Work required: Each line from the start of the entries through the line that contains "Kühne türkisfarbene Blume" should be output exactly, please.

(Recorded data)
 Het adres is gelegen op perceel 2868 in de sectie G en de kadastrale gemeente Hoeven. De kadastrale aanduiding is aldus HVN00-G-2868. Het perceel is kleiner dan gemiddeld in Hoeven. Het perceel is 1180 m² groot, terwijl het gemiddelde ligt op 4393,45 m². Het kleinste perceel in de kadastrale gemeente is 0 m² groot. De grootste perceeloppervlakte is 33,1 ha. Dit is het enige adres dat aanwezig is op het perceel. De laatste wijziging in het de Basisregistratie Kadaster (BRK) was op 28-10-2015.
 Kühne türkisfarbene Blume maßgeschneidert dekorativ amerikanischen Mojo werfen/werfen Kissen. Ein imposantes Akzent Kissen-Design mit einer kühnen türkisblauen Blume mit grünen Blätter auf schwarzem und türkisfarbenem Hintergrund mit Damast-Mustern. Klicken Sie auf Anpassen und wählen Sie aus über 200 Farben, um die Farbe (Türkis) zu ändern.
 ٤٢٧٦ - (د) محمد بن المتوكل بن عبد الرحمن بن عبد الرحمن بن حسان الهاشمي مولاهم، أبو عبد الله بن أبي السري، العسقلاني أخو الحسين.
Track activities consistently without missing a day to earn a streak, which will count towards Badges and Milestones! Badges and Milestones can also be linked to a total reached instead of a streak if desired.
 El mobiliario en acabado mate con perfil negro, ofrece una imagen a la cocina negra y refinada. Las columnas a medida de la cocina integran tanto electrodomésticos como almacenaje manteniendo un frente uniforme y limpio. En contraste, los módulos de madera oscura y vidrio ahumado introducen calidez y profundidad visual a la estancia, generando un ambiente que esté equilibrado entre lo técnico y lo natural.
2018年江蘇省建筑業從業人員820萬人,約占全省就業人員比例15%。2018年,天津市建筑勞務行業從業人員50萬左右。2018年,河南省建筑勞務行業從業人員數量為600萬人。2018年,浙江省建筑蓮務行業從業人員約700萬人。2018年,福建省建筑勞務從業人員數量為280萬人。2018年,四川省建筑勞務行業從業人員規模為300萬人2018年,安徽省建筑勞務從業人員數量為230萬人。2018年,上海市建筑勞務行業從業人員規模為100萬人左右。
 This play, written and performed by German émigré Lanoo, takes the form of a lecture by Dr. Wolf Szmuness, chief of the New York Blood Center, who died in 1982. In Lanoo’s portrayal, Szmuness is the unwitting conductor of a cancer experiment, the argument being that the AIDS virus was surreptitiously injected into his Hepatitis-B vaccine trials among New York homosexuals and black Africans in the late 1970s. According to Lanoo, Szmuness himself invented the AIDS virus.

Task response:
 Het adres is gelegen op perceel 2868 in de sectie G en de kadastrale gemeente Hoeven. De kadastrale aanduiding is aldus HVN00-G-2868. Het perceel is kleiner dan gemiddeld in Hoeven. Het perceel is 1180 m² groot, terwijl het gemiddelde ligt op 4393,45 m². Het kleinste perceel in de kadastrale gemeente is 0 m² groot. De grootste perceeloppervlakte is 33,1 ha. Dit is het enige adres dat aanwezig is op het perceel. De laatste wijziging in het de Basisregistratie Kadaster (BRK) was op 28-10-2015.
 Kühne türkisfarbene Blume maßgeschneidert dekorativ amerikanischen Mojo werfen/werfen Kissen. Ein imposantes Akzent Kissen-Design mit einer kühnen türkisblauen Blume mit grünen Blätter auf schwarzem und türkisfarbenem Hintergrund mit Damast-Mustern. Klicken Sie auf Anpassen und wählen Sie aus über 200 Farben, um die Farbe (Türkis) zu ändern.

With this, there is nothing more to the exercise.